Behind him strode the broader one, massive, bull-shouldered, his every step a weight that seemed to shake the ground. His gauntlets were dented, scarred, but clenched always, as though he longed to crush something in his grip.

The third—the scarred one, jaw square, face unflinching—walked without hesitation, his eyes never wavering from the path ahead.

They were not men who needed to speak. Their silence was command enough.

El Como swallowed, forcing himself to match their pace. His own boots scuffed clumsily, out of rhythm with their steady march. Each sound he made felt like an insult to the silence.

Hours—days?—he could not tell. His throat ached, dry as stone. His mind churned, restless, gnawing at questions until he could no longer hold them.

The words burst from him before he could stop them.

"Where are we going?"

His voice cracked, raw, loud against the quiet. It echoed across the plateau, bouncing back at him like a sneer. He winced, clamping his mouth shut, but the sound was already loose, already crawling toward their ears.

Darr did not turn. His shoulders stiffened, but he walked on.

El Como's pulse raced. He should have stayed silent. Gods, why had he spoken? But the taste of his own voice was too sharp, too addictive now that it was out. His questions tumbled forward, desperate, choking.

"Who are you? Why me? What is this place?"

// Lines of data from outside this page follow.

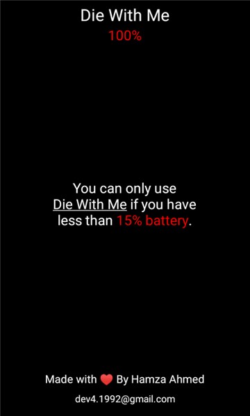 DieWithMe最新版下载是一款设计独特的社交聊天软件,在这里你必须在手机电量低于15的时候才可以进行聊天互动,这里所有的用户的手机电量都是低于15的,可以帮你们轻松转移掉电量焦虑,这里汇聚了大量的低电量用户,可以为你的闲暇生活带来更多乐趣,在这里你可以随时和其他用户在线交流,结识更多志同道合的伙伴,为你的闲暇生活带来更多乐趣,再也不用因为手机电量过低而烦恼,非常适合有电量焦虑的用户使用,如果你也喜欢这款软件的话,软件站现有最新版本,那就快来下载吧。
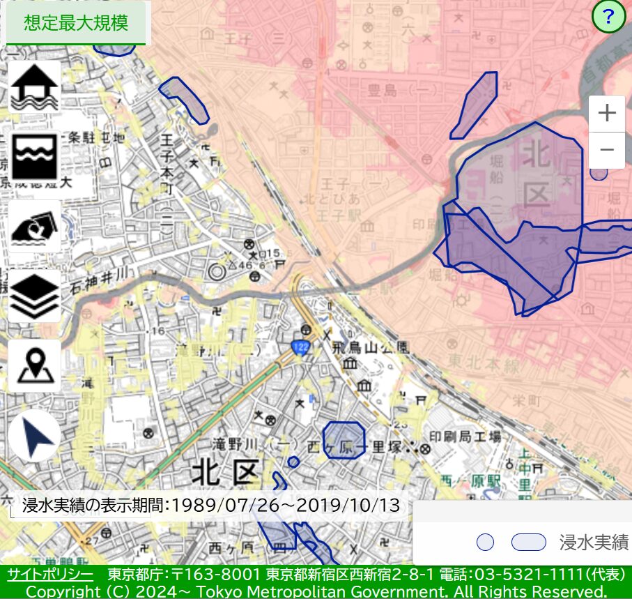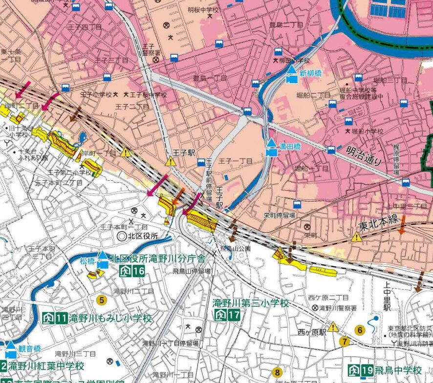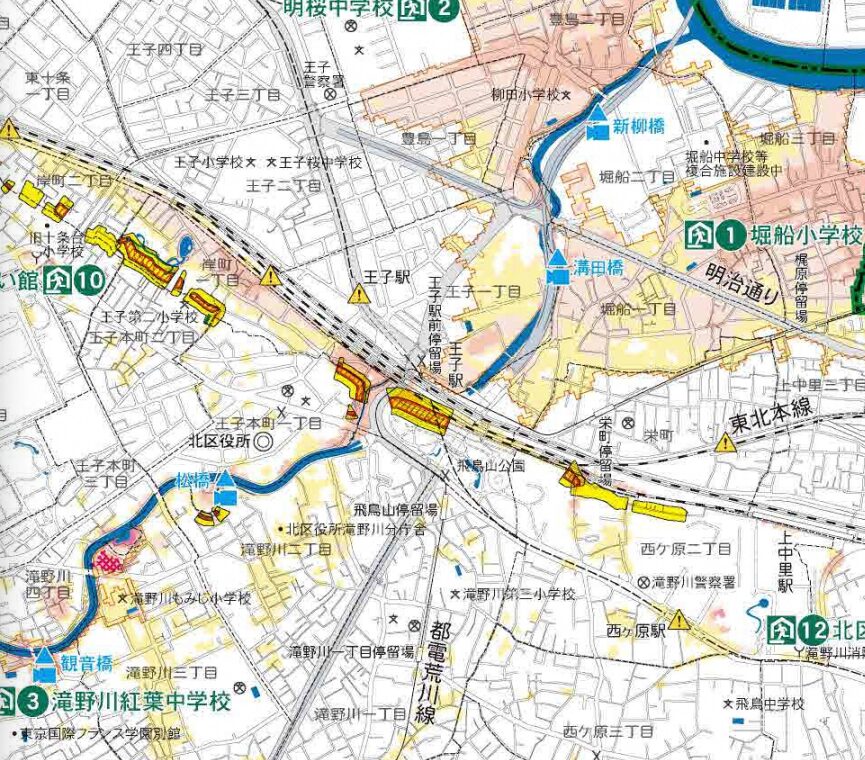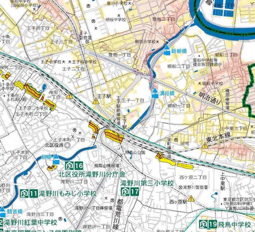 王子駅周辺の浸水リスクは、北区が公開している防災ハザードマップで確認できます。
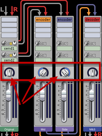 Anstatt einen puren "Lautstärkeregler" zu machen, wäre es absolut cool, wenn man den Drehknopf zum Panning nutzen könnte - das ganze nennt sich Panoramaregler bzw. Panpot.

His words scattered like bones across the stone. They rang too loud, too human, too weak.

The broad one stopped.

El Como froze mid-step. His breath hitched. The man's shoulders rose and fell once, twice, the sound of his gauntlets groaning as his hands clenched tighter.

Slowly, the bull-shouldered man turned his head.

His eyes met El Como's.

They were not eyes made for pity. They burned with a fury barely caged, a beast behind bone, straining against its skull. His gaze alone pressed into El Como's chest harder than the haze ever had.

When he spoke, his voice was thunder ground into gravel.

"You have broken… CODE 8."

The haze stiffened around El Como, tightening like a noose. His breath vanished. His vision swam.

And the meaning of the words—unspoken, unexplained—hung over him like a blade yet to fall.